If $ a + b + c \mid a^2 + b^2 + c^2$ then $ a + b + c \mid a^n + b^n + c^n$ for infinitely many $n$

Claim. $a+b+c\mid a^{2^n}+b^{2^n}+c^{2^n}$ for all $n\geq0$.

Proof. By induction: True for $n=0,1$ $\checkmark$. Suppose it's true for $0,\ldots,n$. Note that $$a^{2^{n+1}}+b^{2^{n+1}}+c^{2^{n+1}}=(a^{2^n}+b^{2^n}+c^{2^n})^2-2(a^{2^{n-1}}b^{2^{n-1}}+b^{2^{n-1}}c^{2^{n-1}}+c^{2^{n-1}}a^{2^{n-1}})^2+4a^{2^{n-1}}b^{2^{n-1}}c^{2^{n-1}}(a^{2^{n-1}}+b^{2^{n-1}}+c^{2^{n-1}})$$

and that

$$2(a^{2^{n-1}}b^{2^{n-1}}+b^{2^{n-1}}c^{2^{n-1}}+c^{2^{n-1}}a^{2^{n-1}})=(a^{2^{n-1}}+b^{2^{n-1}}+c^{2^{n-1}})^2-(a^{2^n}+b^{2^n}+c^{2^n})$$

is divisible by $a+b+c$ by the induction hypothesis.

It seems that there's a partial solution.

Suppose that $\mathrm{gcd}(a,a+b+c)=\mathrm{gcd}(b,a+b+c)=\mathrm{gcd}(c,a+b+c)=1$. Then for $n=k\cdot \phi(a+b+c)+1 \, (k=1,2, \ldots )$, where $\phi$ is Euler's function, we have: $$ (a^n+b^n+c^n)-(a^2+b^2+c^2)=a^2 (a^{n-1}-1) + b^2 (b^{n-1}-1) + c^2 (c^{n-1}-1), $$ where all round brackets are divisible by $a+b+c$ according to Euler theorem. Therefore $(a+b+c) \mid (a^n+b^n+c^n)$ for all these $n$.

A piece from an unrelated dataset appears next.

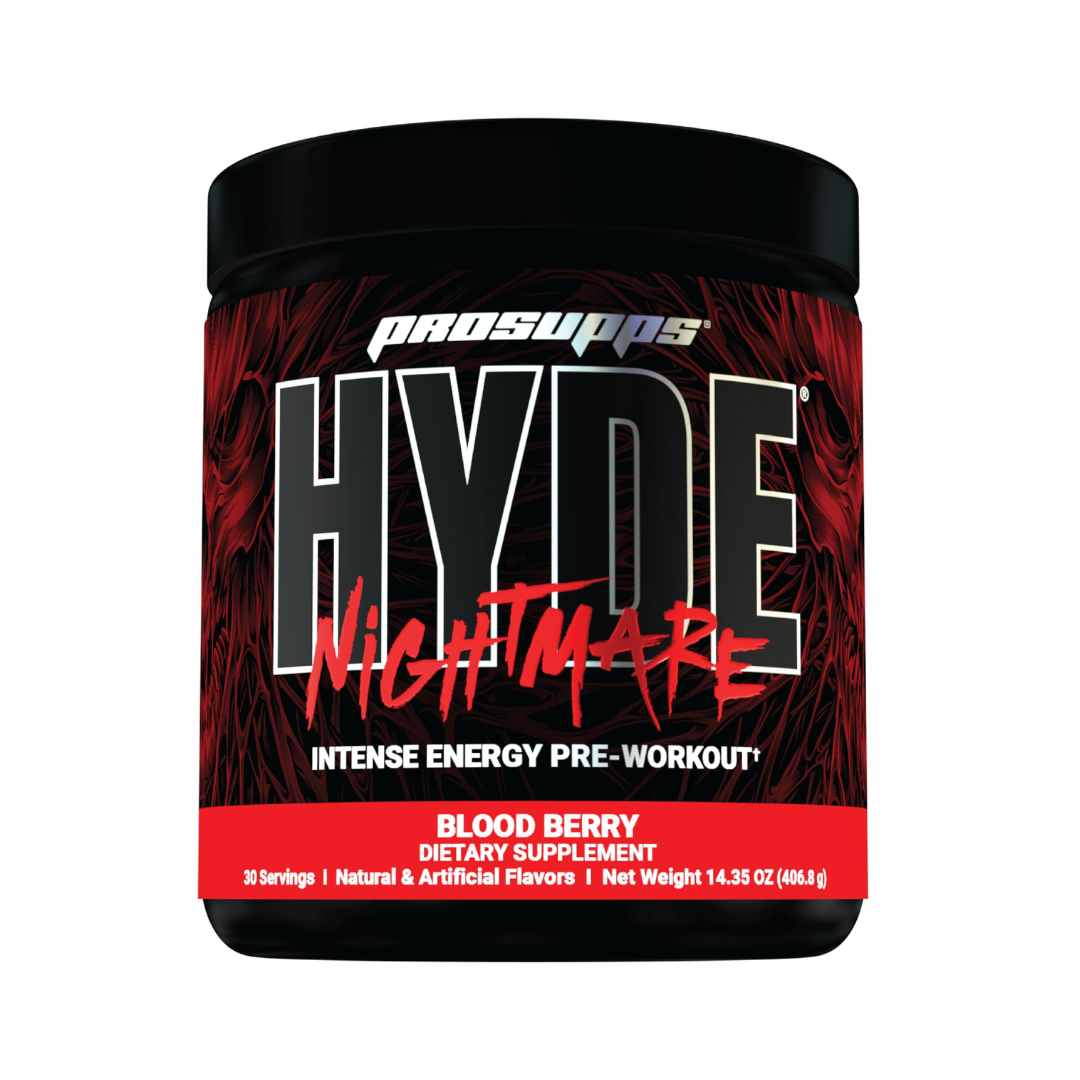 HYDE Nightmare V2 is a pre-workout supplement by ProSupps that contains a blend of ingredients to improve physical and mental performance. The key ingredients include beta-alanine to enhance endurance, Himalayan rock salt to replenish electrolytes, L-citrulline to increase nitric oxide levels, and alpha GPC to improve focus and power output. The product is available in various flavors, including Blood Berry. It is primarily formulated for high-performance athletes and combat sports competitors, but can benefit athletes of various disciplines

There's one more solution (it isn't mine). One can even prove that $(a + b + c) \mid (a^n + b^n + c^n)$ for all $n=3k+1$ and $n=3k+2$. It's enough to prove that $a + b + c \mid a^n + b^n + c^n$ => $a + b + c \mid a^{n+3} + b^{n+3} + c^{n+3}$. The proof is here: https://vk.com/doc104505692_416031961?hash=3acf5149ebfb5338b5&dl=47a3df498ea4bf930e (unfortunately, it's in Russian but it's enough to look at the formulae). One point which may need commenting: $(ab+bc+ca)(a^{n-2} + b^{n-2} + c^{n-2})$ is always divisible by $(a+b+c)$ (it's necessary to consider 2 cases: $(a+b+c)$ is odd and $(a+b+c)$ is even).